#### [Exercise goal]
In the data below, find the line that contains "The sculpture at" and the line that contains "Fig. IV.2: Uni". Copy both, plus every line between them, exactly.
● ● ●
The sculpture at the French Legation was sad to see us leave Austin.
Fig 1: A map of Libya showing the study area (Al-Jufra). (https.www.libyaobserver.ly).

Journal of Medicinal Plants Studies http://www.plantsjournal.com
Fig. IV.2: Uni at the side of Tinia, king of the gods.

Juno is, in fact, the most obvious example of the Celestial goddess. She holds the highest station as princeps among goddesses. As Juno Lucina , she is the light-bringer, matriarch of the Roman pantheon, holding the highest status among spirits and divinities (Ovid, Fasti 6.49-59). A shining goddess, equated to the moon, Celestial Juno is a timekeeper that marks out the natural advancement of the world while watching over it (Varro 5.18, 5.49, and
● ● ●
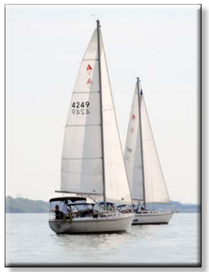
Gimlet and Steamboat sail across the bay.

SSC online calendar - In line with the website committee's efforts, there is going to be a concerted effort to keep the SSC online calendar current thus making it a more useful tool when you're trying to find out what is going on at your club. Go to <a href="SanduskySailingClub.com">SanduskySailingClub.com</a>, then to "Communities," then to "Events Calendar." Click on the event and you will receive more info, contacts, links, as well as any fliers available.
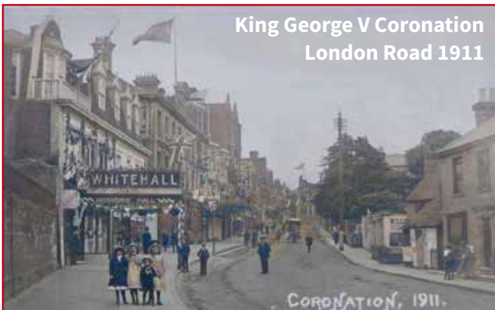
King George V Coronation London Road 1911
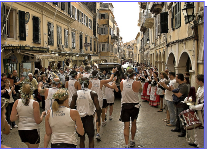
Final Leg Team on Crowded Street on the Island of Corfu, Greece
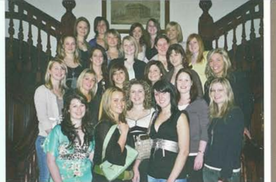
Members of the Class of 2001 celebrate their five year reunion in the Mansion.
● ● ●
#### [Response to the task]
The sculpture at the French Legation was sad to see us leave Austin.
Fig 1: A map of Libya showing the study area (Al-Jufra). (https.www.libyaobserver.ly).

Journal of Medicinal Plants Studies http://www.plantsjournal.com
Fig. IV.2: Uni at the side of Tinia, king of the gods.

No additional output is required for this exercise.